Let $G$ be a graph on $n$ vertices. For $i\in \{0,1\}$ and a connected graph $G$, a spanning forest $F$ of $G$ is called an $i$-perfect forest if every tree in $F$ is an induced subgraph of $G$ and exactly $i$ vertices of $F$ have even degree (including zero). An $i$-perfect forest of $G$ is proper if it has no vertices of degree zero. Scott (2001) showed that every connected graph with even number of vertices contains a 0-perfect forest. A short proof of Scott's theorem using basic linear algebra was obtained by Gutin (2016) and two short graph-theoretical proofs were given by Caro et al. (2017). Intuitively it is clear that a 0-perfect forest can provide a useful structure in a graph and, in particular, this notion was used by Sharan and Wigderson (1996) to prove that the perfect matching problem for bipartite cubic graphs belongs to the complexity class NC.
In my talk, I'll present the linear-algebraic proof and give an overview of the following recent results obtained together with Anders Yeo.
We proved that one can find a 0-perfect forest with minimum number of edges in polynomial time, but it is NP-hard to obtain a 0-perfect forest with maximum number of edges.
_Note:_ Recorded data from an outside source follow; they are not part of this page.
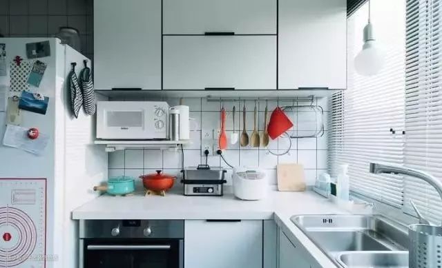 锅碗瓢盆,摆放也很讲究。常用的厨具应该摆放在顺手的地方,例如下面的橱柜。一些不常用的厨具,就可以放在高的地方,这样按照需求摆放就不会杂乱。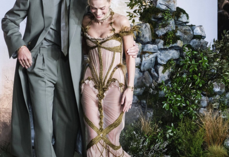 Vedeta a impresionat într-o rochie transparentă, extrem de îndrăzneață, cu un corset inspirat din stilul victorian și detalii verzi realizate din împletituri. Apariția face parte din seria de lookuri cu influențe georgiene adoptate de Margot pentru promovarea rolului Catherine Earnshaw, eroina puternică interpretată de ea în mult așteptata adaptare regizată de Emerald Fennell, inspirată din romanul clasic al lui Emily Bronte, care va avea premiera pe 13 februarie.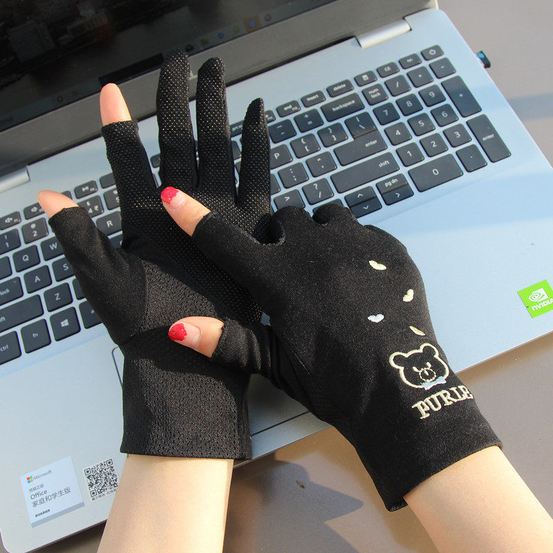 保暖加绒加厚骑行手套女冬季 学生骑车可爱毛绒触屏防风连指防水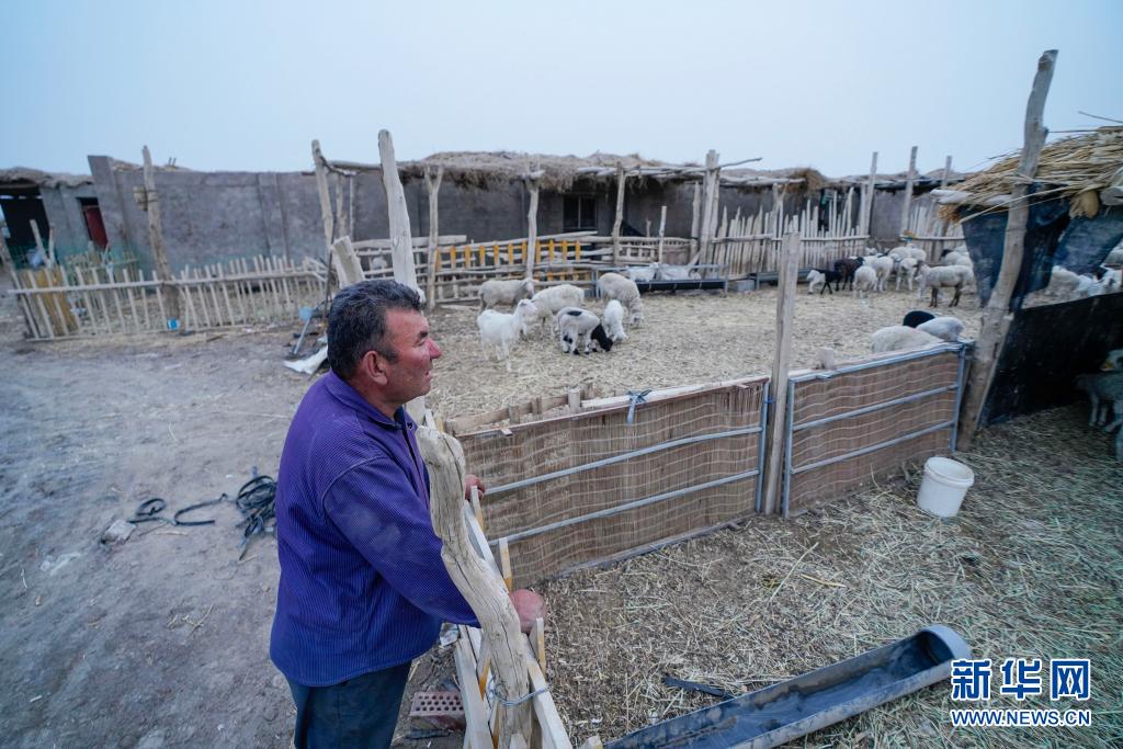新疆尉犁县巴西买里村,天色渐暗,忙完农活的尔肯·热衣木查看自家的羊群(4月21日摄)。新华社记者 赵戈 摄
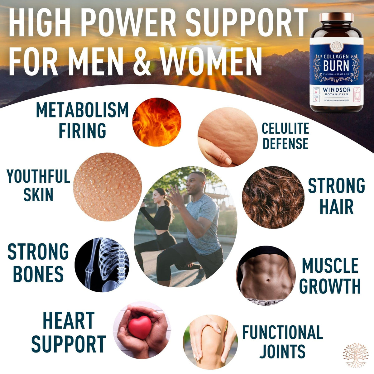 Experience the power of Thermogenic Multi Collagen Burn Capsules. This 2-pack of 180 pills contains hydrating Hyaluronic Acid and marine collagen supplements, enriched with Vitamin C for women and men seeking a comprehensive collagen complex.

Moreover, we showed that to decide whether $G$ has a 0-perfect forest with at least $n/2+k$ edges, where $k$ is the parameter, is W[1]-hard. We also proved that for a prescribed edge $e$ of $G$, it is NP-hard to obtain a 0-perfect forest containing $e$, but one can decide if there exists a 0-perfect forest not containing $e$ in polynomial time. It is easy to see that every connected graph with odd number of vertices has a 1-perfect forest. It is not the case for proper 1-perfect forests. We gave a characterization of when a connected graph has a proper 1-perfect forest.